A data storage system includes a disk array including a plurality of disks storing original data and redundant data that may be used to recover the original data. The data storage system further includes an interface circuit configured to receive a read request for the original data; an input/output (I/O) control circuit configured to provide the disk array with a read request received via the interface circuit; and a redundant data management circuit configured to manage information of the original data and the redundant data. The redundant data management circuit causes parity data, duplicate data, or both to be stored as the redundant data according to a first attribute of the original data, and determines a number of duplicate data according to a second attribute of the original data.

Description

    CROSS-REFERENCE TO RELATED APPLICATION
  • The present application claims priority under 35 U.S.C. § 119(a) to Korean Patent Application No. 10-2023-0011778, filed on Jan. 30, 2023, which is incorporated herein by reference in its entirety.
  • BACKGROUND 1. Technical Field
  • Various embodiments generally relate to a data storage system and an operation method thereof, and more particularly, to a data storage system capable of efficiently managing a data storage space while improving data recovery reliability and an operation method thereof.
  • 2. Related Art
  • Dynamic Adaptive Streaming over HTTP (DASH) technology is a de facto standard technology used by video streaming service providers such as YouTube and Netflix.
  • DASH technology requires multiple versions of video files with different bitrates. For example, on YouTube, a single video can have more than 20 different bitrate versions.
  • Due to characteristics of DASH technology, a large-capacity data storage system capable of storing all versions of data is required.
  • In addition, redundant data is stored to recover data when an error occurs in data or in a physical storage device, which further increases the size of storage space required by the data storage system.
  • FIG. 1 illustrates a method of managing redundant data where a predetermined number of identical data are stored regardless of a bitrate version and popularity of a video.
  • FIG. 1 illustrates various types of bitrate versions, where 4K corresponds to the highest bitrate version and 240p corresponds to the lowest bitrate version.
  • In FIG. 1 , video popularity is represented as one of three levels. HOT represents the highest popularity, COLD represents the lowest popularity, and WARM represents the medium popularity.

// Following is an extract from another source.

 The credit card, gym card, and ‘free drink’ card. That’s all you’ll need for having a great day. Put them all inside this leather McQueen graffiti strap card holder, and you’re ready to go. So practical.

  • In FIG. 1 , a same number of video data files are stored for each video regardless of bitrate versions and popularity.
  • In FIG. 1 , a white rectangle represents an original video file, and each file may be stored on different disks.

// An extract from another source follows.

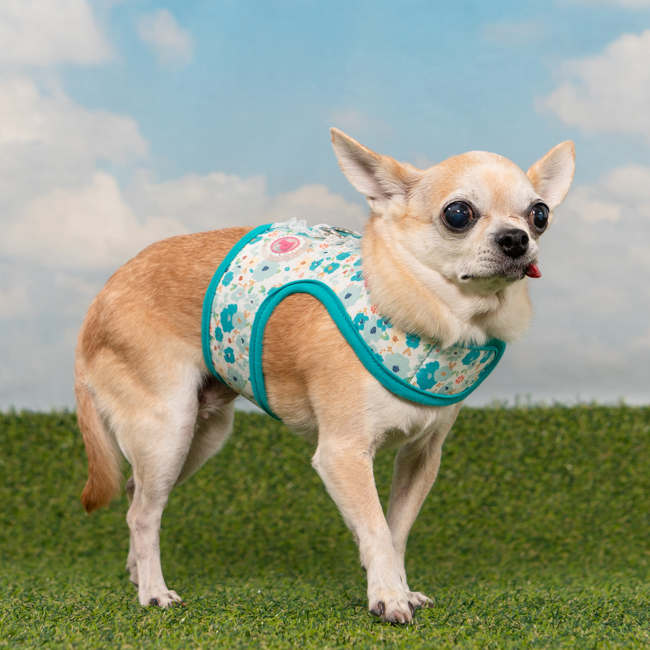 Pettorina modello J sicura e alla moda , motivo a cuori e tinta unita, fibbia e chiusura a strappo

  • This reduces performance degradation because there is almost no additional overhead during data read operations, but since data is lost when all disks where duplicates are stored fail, mean time to data loss (MTTDL) is low, which results in poor availability.
  • Because more duplicate data must be stored to prevent data loss, storage space is wasted and the cost is excessively increased.

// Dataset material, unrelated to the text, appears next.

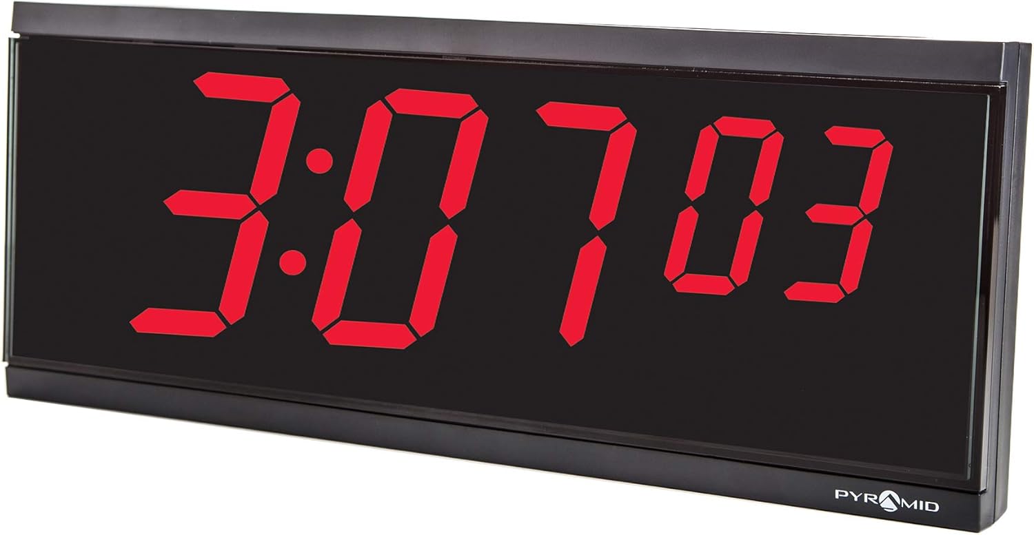 Pyramid Time Systems Extra Large Stand Alone Digital Clock, 4" Numeral Red LED Display, 6 Digit (Hour, Minutes, Seconds), 110V, 6' cord, Stand-Alone, Made in USA (DIG-6B)

  • FIG. 2 illustrates another method for managing redundant data where original data and parity data are stored regardless of a bitrate version and a popularity. A technique such as Reed-Solomon (RS) coding may be used to generate the parity data.
  • In FIG. 2 , a white rectangle represents a partition of a video file, and a black rectangle represent encoded data. These can be stored on different disks, each as a separate file.
  • For example, an original video may be partitioned into 10 unit data files, and 4 parity files may be generated therefrom, and then each of the partitions may be stored on a separate disk.
  • In this method, since the required storage space may be reduced and more disks must be damaged before data is lost, the MTTDL value becomes high and a probability of data loss becomes low.
  • However, since a read operation for a large number of disks and an additional decoding operation must be performed during the data recovery process, overhead increases and performance deteriorates.
  • SUMMARY
  • In accordance with an embodiment of the present disclosure, a data storage system may include a disk array including a plurality of disks and storing original data and redundant data used to recover the original data; an interface circuit configured to receive a read request for the original data; an input/output (I/O) control circuit configured to provide the disk array with a read request received via the interface circuit; a redundant data management circuit configured to manage information of the original data and the redundant data, wherein the redundant data management circuit is configured to store parity data, duplicate data, or both as the redundant data according to a first attribute of the original data, and determines a number of the duplicate data according to a second of the original data.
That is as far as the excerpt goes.